• Information supplied:
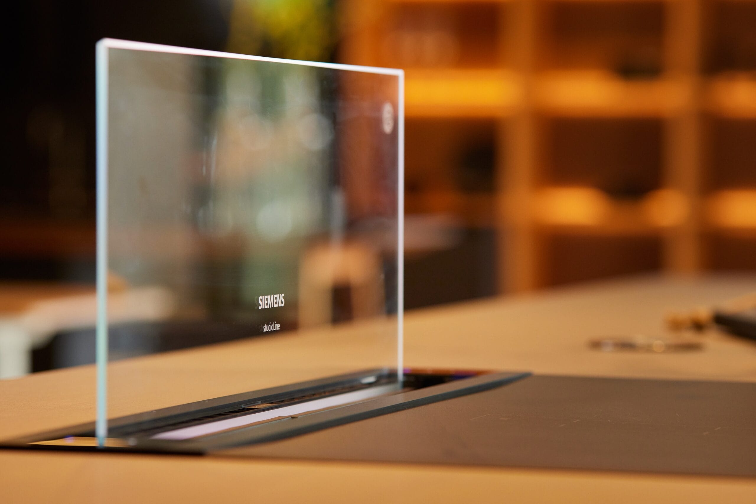 Wat op het eerste gezicht een strak werkblad lijkt, onthult bij gebruik een technisch hoogstandje: de glazen downdraft-afzuiging. Deze moderne afzuigunit schuift automatisch omhoog tijdens het koken en verdwijnt net zo elegant weer in het werkblad zodra hij niet meer nodig is. Een perfecte combinatie van design, innovatie en gebruiksgemak; volledig in lijn met de minimalistische en stijlvolle uitstraling van de keuken.
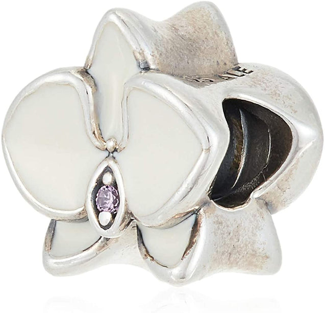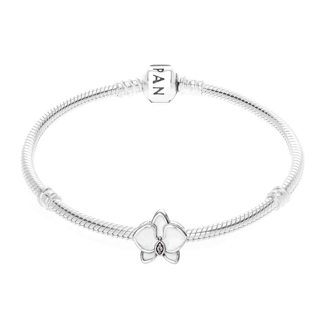 Pick exotic flowers for your bracelet, like this hand-finished orchid charm. Sterling silver, white enamel and soft pink stones are simply stunning.
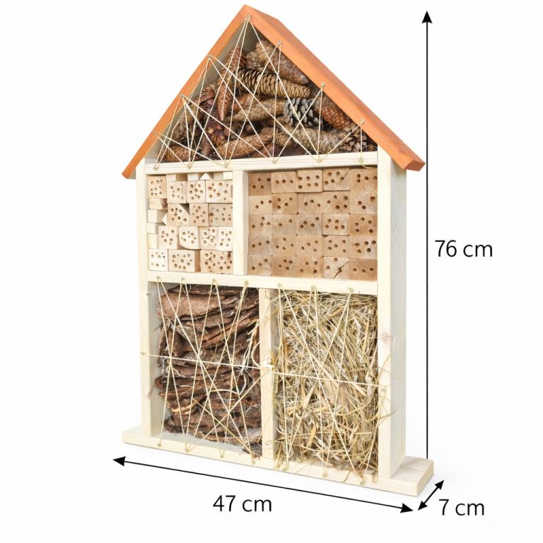 Hotel má rozměr 47 × 76 cm a tloušťku 7 cm, takže nabídne více typů komůrek pro různé druhy hmyzu. Doporučené umístění je výš nad zemí, ideálně na zeď nebo strom, na slunné (jižní) straně chráněné před deštěm a větrem. Domek je dodávaný složený, stačí ho jen umístit. Pro větší plochu zahrady je vhodné rozmístit více hotelů, aby měl hmyz více „stanovišť".
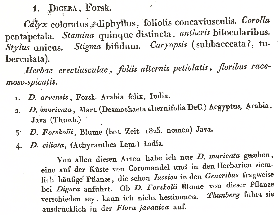Протолог Digera arvensis Forssk. (Flora Aegyptiaco-Arabica 65 (1775). [1 Oct 1775]):
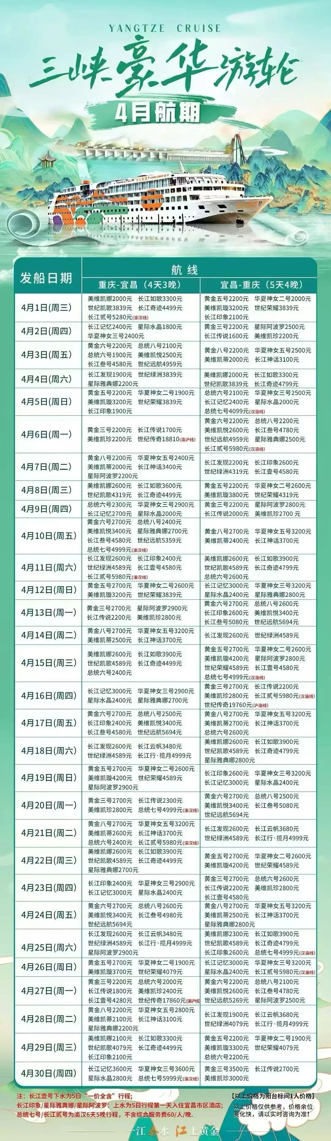 和谐号游轮专船运行,载客量有限,先到先到,688元/人起(非黄金周价格,此价格可能因船方调价,随时波动,具体详询客服0717-6521606;18986789364)
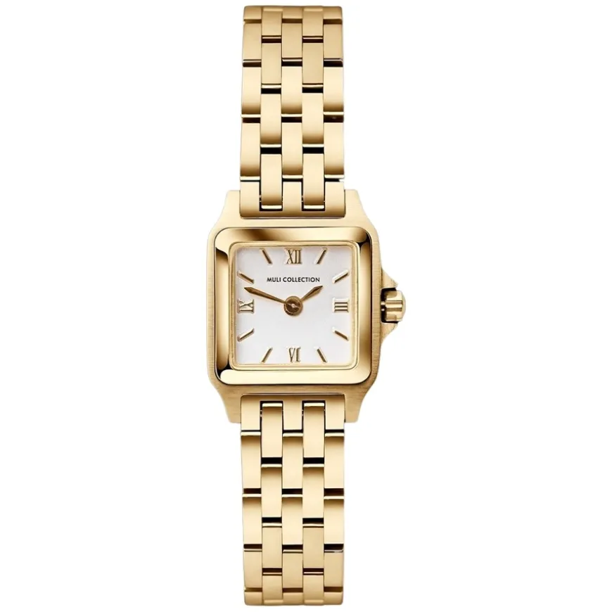 Muli Collection Watch Gold er en elegant og klassisk klokke med et tidløst vintage-design, perfekt for daglig bruk og et nydelig tilskudd til din smykkekolleksjon. Laget av 24k gullbelagt 316L rustfritt stål og utstyrt med ripebestandig safirkrystallglass, er denne klokken både holdbar og sofistikert. Med en vanntetthet på 5ATM og en høykvalitets sveitsisk Ronda 1032-bevegelse sikrer den presis tidtaking. Klokkeskiven måler 20mm, og båndet måler 17,5cm med en bredde på 13mm, justerbart opptil 20cm og kan tilpasses mindre størrelser. Leveres i en elegant eske for trygg oppbevaring.
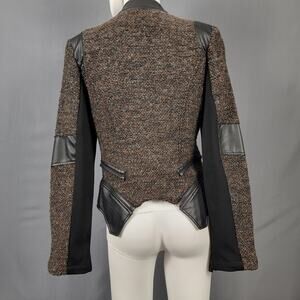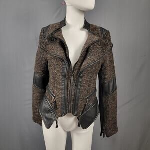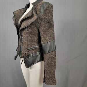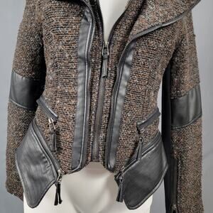 Double Zero Faux Leather Bouclé Moto Jacket M Brown Black Structured Street Luxe

• Exercise details: Output exactly the lines above, beginning at the one with "Hotel má rozměr" and stopping after the one with "和谐号游轮专船运行,载客量有". Pictures are to be omitted.

• Response to this exercise:
 Hotel má rozměr 47 × 76 cm a tloušťku 7 cm, takže nabídne více typů komůrek pro různé druhy hmyzu. Doporučené umístění je výš nad zemí, ideálně na zeď nebo strom, na slunné (jižní) straně chráněné před deštěm a větrem. Domek je dodávaný složený, stačí ho jen umístit. Pro větší plochu zahrady je vhodné rozmístit více hotelů, aby měl hmyz více „stanovišť".
Протолог Digera arvensis Forssk. (Flora Aegyptiaco-Arabica 65 (1775). [1 Oct 1775]):
 和谐号游轮专船运行,载客量有限,先到先到,688元/人起(非黄金周价格,此价格可能因船方调价,随时波动,具体详询客服0717-6521606;18986789364)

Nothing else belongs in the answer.